Like most things, it all started many years ago when I had it for the first time. My wife at the time and I went out to some nice French restaurant, just the two of us, and I think that was the first time I ever had it. That was the most memorable part of the meal for me, even though it was also my introduction to escargot.
Anyway, all though I've had it off and on in the intervening years, it's only been the past couple of months that I've craved French onion soup. I can't get enough of it, and that's the problem.
It used to be that I could find Progresso French Onion soup even when I wasn't looking for it. It was everywhere. Now, the markets I frequent don't carry that variety, and I've had to try some others. Campbells has one, but it tastes funny to me, metallic, and only works in a pinch. I tried looking up recipes to make my own, but Alton Brown's first step required purchasing a fifty dollar electric skillet, so that put me in a deep funk from which I've barely recovered.
If I had the money for fifty dollar electric skillets, I'd go out to eat.
This past weekend, on a whim, I thought I'd check out this Bristol Farms market, which I'd seen a few of around town.
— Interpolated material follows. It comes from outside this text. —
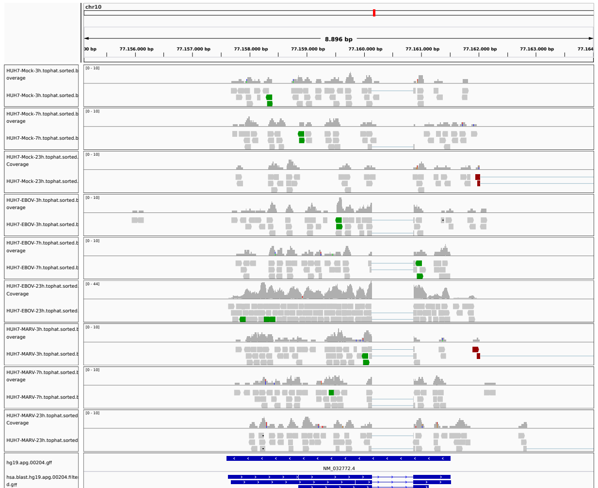
Figure 1: IGV Genome Browser screenshot of gene ZNF503.

*In human only ebola infected sample between 7h and 23h is up-regulated. In bat this gene shows complex expression patterns.*

It's like a Gelson's, only, if this is possible, only more expensive. They carry a good selection of all many of the regular favorites, all at a hefty markup, and many other frightfully expensive goods as well. This Bristol Farms, I quickly concluded, is where rich folk go to get the good food that us masses can only ever hope to taste.
Still, I thought it might be worth it to check out their soup selection, if only to see if they had some of that soup I craved. They carry the Progressive brand, but not French Onion. They did, however, have some jar of French Onion soup with a cute calico cover and a health-inspiring name, but it looked to me more like gravy than soup. Not that there's anything wrong with gravy, not if you have a biscuit laying around, but if there's one thing I demand of French Onion soup it's that it contains, you know, onions.
Pieces of onion. Fibrousy pieces of onion. Pieces you can chew. Chew, taste, and swallow.
They had another store name variety, for about six bucks I might add, that also lacked any particulate onion, and I passed on both of them. Is it too much to ask for onions in my onion soup? I did get some dried package, I think (I'll have to check the cupboard, later), which I hope contains more than dried powdered onion dust.
The rich may very well eat better than you and I, but when it comes to French Onion Soup, it looks as if they may as well sip it through a straw.